Cloudflare’s new policy urges AI companies to pay publishers for content and separate search from training crawlers

Cloudflare recently announced that it will make important adjustments to the default configuration of websites using its services, setting a new "deadline" for the entire artificial intelligence industry: requiring AI companies to clearly distinguish web crawlers used for traditional search from crawlers used for AI agents and model training by September 15 this year, otherwise these "mixed-use" crawlers will be blocked by default on a large number of advertising pages.

According to the details announced by Cloudflare, any data crawler that is used for search, AI agent invocation, and model training at the same time will be blocked from crawling by default if it accesses a web page that hosts advertisements, unless the website owner actively changes the relevant settings. These new default settings will apply to new Cloudflare customers, new sites created by existing customers, and all existing free user sites. This move will directly affect the way AI model providers obtain web content for training and service generation, and will also change the data supply pattern behind AI agent services.

Cloudflare pointed out that most website owners hope that their content can be discovered through traditional search engines, and are also happy to be cited by AI services under certain conditions, but they do not want their intellectual property rights to be misappropriated for free and on a large scale without authorization. Cloudflare named "the world's largest search engine" (apparently pointing to Google) in its description, saying it has "approximately twice the amount of accessible information" compared to other AI companies. The reason is that the search giant makes it difficult for sites to maintain search visibility while completely avoiding the use of AI.

Google has always refuted similar general accusations, emphasizing that it provides a robot called "Google Extended" for sites to choose, which is used to explicitly refuse website content to be used for AI training and AI products and services such as Gemini Apps and Vertex API, without affecting the inclusion of the website in Google search.
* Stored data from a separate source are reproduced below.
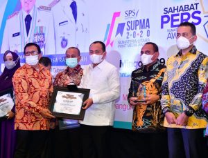 TERASNKRI.COM | Sumut, Medan – Bupati Batu Bara Ir H. Zahir M.AP bersama Gubsu Edy Rahmayadi dan Wagubsu Musa Rajekshah menerima Penghargaan Sahabat Pers tahun 2020 dari Serikat Perusahaan Pers ( SPS ) yang diserahkan oleh Wakil Ketua Dewan Pers Pusat Hendry CH Bangun dalam acara malam penganugrahan SPS Minggu malam (29/11/2020) di Hotel Santika Medan.
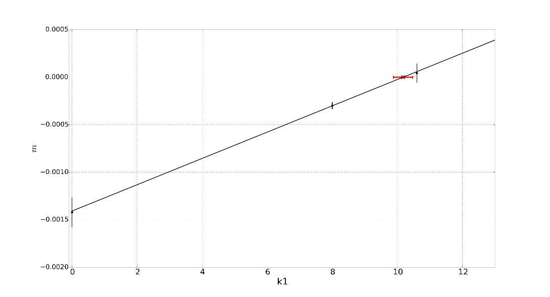 Fig 2: The slopes, m, of the change in amplitude of w=2 Fourier mode versus track-to-DOM distance (y-axis), as a function of each simulated anisotropy, k1 (x-axis). The slopes are linearly dependent on the simulation anisotropy strength, with an intercept at 0 achieved for an anisotropy of approximately 10.2%, which is indicated by the red cross.
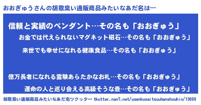 | 意味不明あだ名 | 『永久保存おおぎゅう』 |
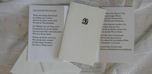 The 6-pages card comes with a separate sheet on which a New Year's poem has been printed (hand set from Trajanus in German). It is an 18th century poem by Johann Peter Utz. With envelope size 12x18 cm.
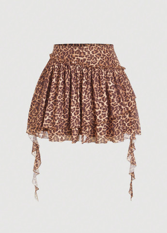 Этот наряд включает в себя укороченный топ и пышную юбку. Верх украшен асимметричной оборкой и объемным цветочным узором. Юбка имеет асимметричный подол. Он создан для вечеринок. Верх имеет асимметричный вырез. Ткань средней эластичности. Верх украшен леопардовым, змеиным принтом или принтом по всей поверхности. Посадка тонкая. Низ – юбка.
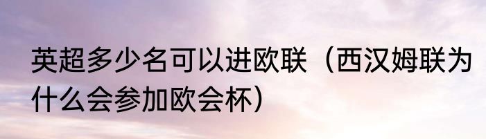 英超多少名可以进欧联(西汉姆联为什么会参加欧会杯)
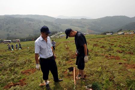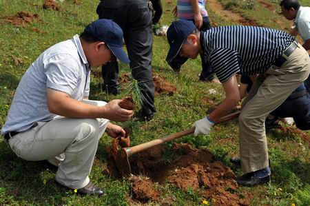 我院十位教职工在俞浩副院长的带领下,积极响应省农业厅的号召,驱车前往寻甸参加向杨善洲同志学习义务植树活动。我院教职工与省农业广播电视学校的教职工一道,经过一个上午的努力工作完成了“学校口”义务植树区块共300余株松树的任务。大家头顶烈日,挖坑、种树、培土、浇水,每一道工序都一丝不苟。当天农业厅所属单位的干部职工共植树12000株,覆盖面积达40亩,为绿化美化大好河山添砖加瓦。(宣传部供稿)
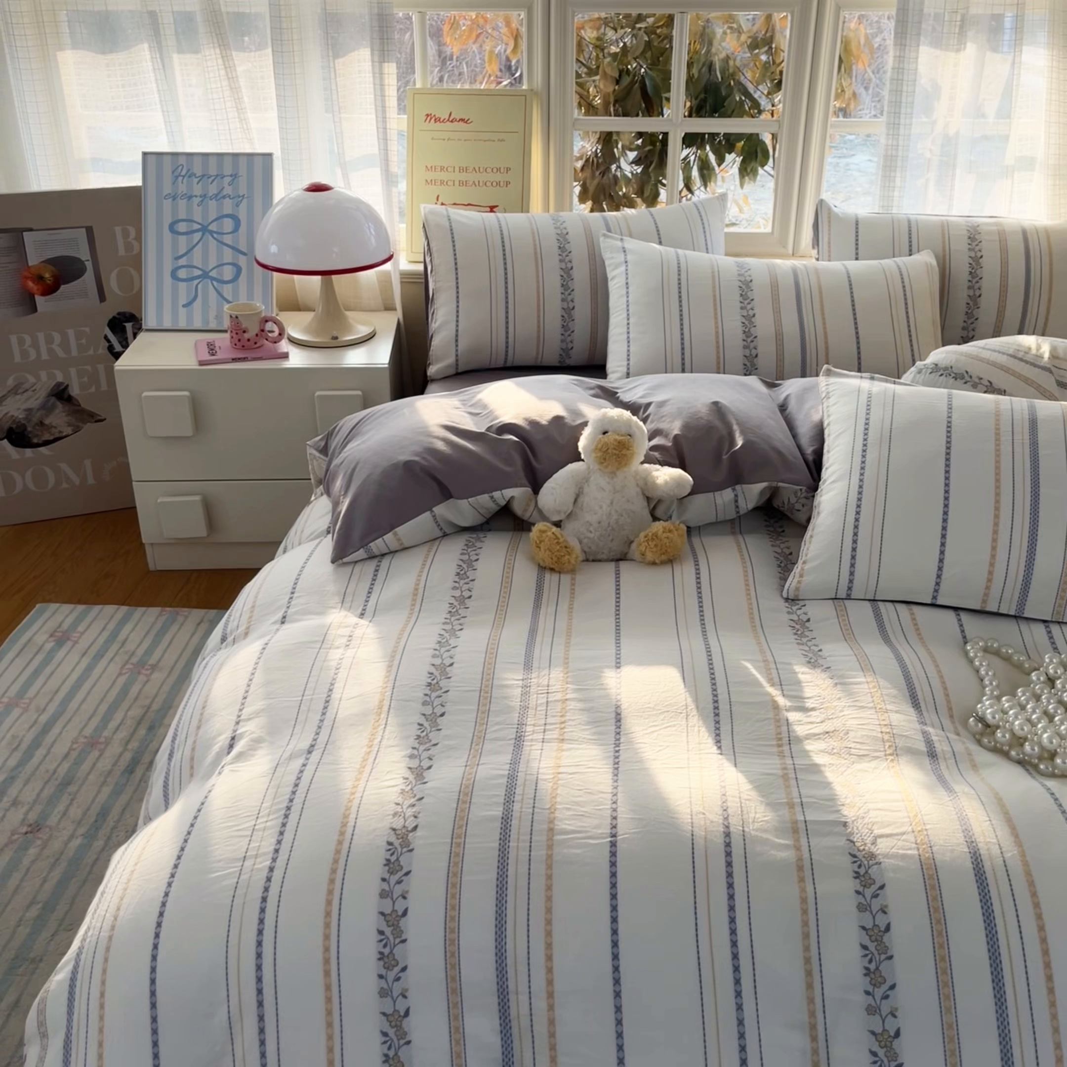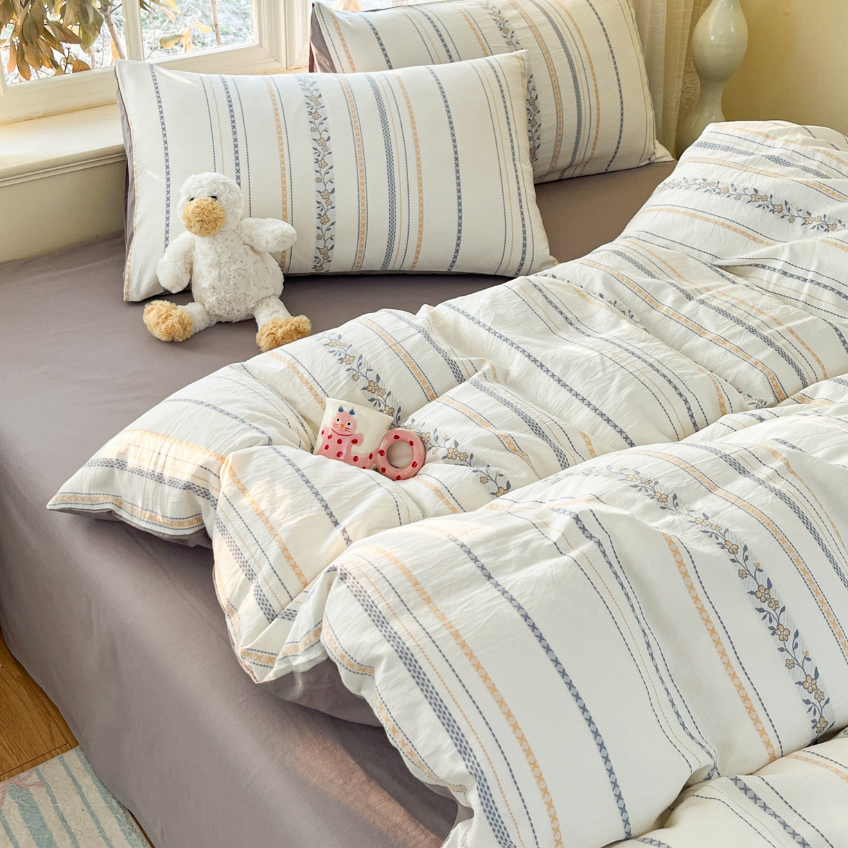 A类全棉良品风学生宿舍床三件套
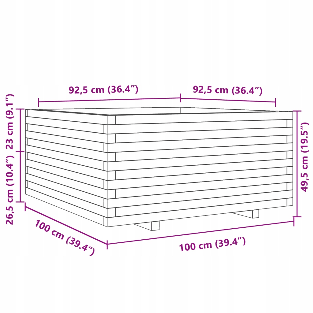 Vidaxl садовий горщик, 100x100x49,5 см, суцільна сосна деревина
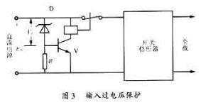 開關(guān)穩(wěn)壓器的過電壓保護(hù)包括輸入過電壓保護(hù)和輸出過電壓保護(hù)。開關(guān)穩(wěn)壓器所使用的未穩(wěn)壓直流電源諸如蓄電池和整流器的電壓如果過高,使開關(guān)穩(wěn)壓器不能正常工作,甚至損壞內(nèi)部器件,因此,有必要使用輸入過電壓保護(hù)電路。用晶體管和繼電器組成的過電壓保護(hù)電路如圖3所示。
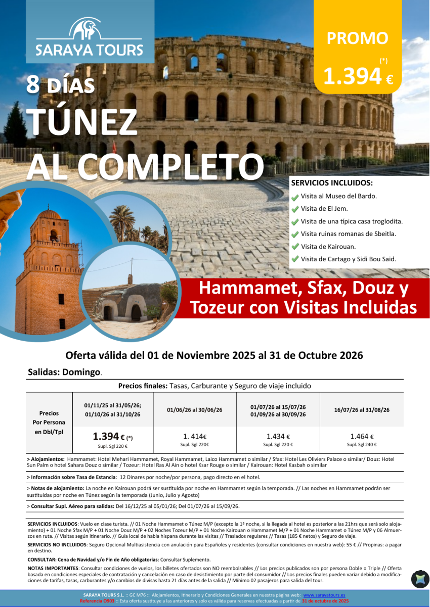 Túnez al Completo 8 días: Circuito con Visitas Incluidas hasta Octubre 26

However, while Google's core crawler Googlebot indexes pages for search, it also provides data support for search-embedded AI functions such as AI Overviews and AI Mode.
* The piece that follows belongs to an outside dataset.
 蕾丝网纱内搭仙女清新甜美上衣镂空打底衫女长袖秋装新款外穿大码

Matthew Prince, co-founder and CEO of Cloudflare, said in the announcement that as the Internet traffic structure changes, "the vast majority of traffic on the Internet today is no longer accessed by humans." The industry had previously expected that the inflection point where "robot traffic exceeds human traffic" would not occur until next year. He emphasized: “In this case, we must go further and move faster to truly form a sustainable ecosystem.”

Prince said that Cloudflare's new tools and partnerships will provide website owners with greater visibility and business opportunities in the AI era, while also benefiting AI crawlers with clear uses and transparent intentions. He hopes that by adjusting the default policy, he can force "mixed-purpose crawlers" to clearly separate traditional search from agent calls and training purposes. At the external business level, Cloudflare provides a variety of products to help users build their own AI systems. On the other hand, it has also launched a series of "control enhancement" tools for publishers and content parties in recent years.

As early as 2024, Cloudflare launched a tool specifically to combat AI crawlers, and then launched a market called "Pay Per Crawl" in 2025, allowing websites to charge AI crawlers for crawling fees. The latest news shows that this model is further evolving into "Pay Per Use", that is, it no longer only charges based on "crawling behavior", but charges AI companies based on the actual "value creation" of the content in the AI system.

Cloudflare pointed out that this "pay-per-use" model not only provides publishers with new revenue channels, but also helps save their bandwidth and computing resources, because its internal data shows that more than 50% of AI crawler crawling traffic is spent on repeatedly crawling pages that have not been updated. Through new billing and control mechanisms, publishers can prioritize limited resources on truly valuable requests while imposing financial constraints on "ineffective duplicate crawls."

In terms of specific implementation cooperation, Cloudflare has currently launched pilot projects with two partners, Ceramic.ai and You.com. When publishers choose to join the program, they will receive corresponding compensation as long as their content appears in Ceramic's AI search results or is accessed as a piece of "paid premium content" by You.com. Cloudflare said that other AI companies can also customize and expand this payment model according to their own product forms.

Against the background of increasing regulatory and public attention on AI crawling and copyright issues, Cloudflare's policy adjustments and business model upgrades are obviously aimed at gaining more say and profit space for publishers, while also putting new transparency and compliance pressure on AI companies. For the AI industry, while continuing to rely on massive web content to train and run various intelligent agents, how to strike a balance between technical convenience and the rights and interests of content owners will become an unavoidable core issue in the future.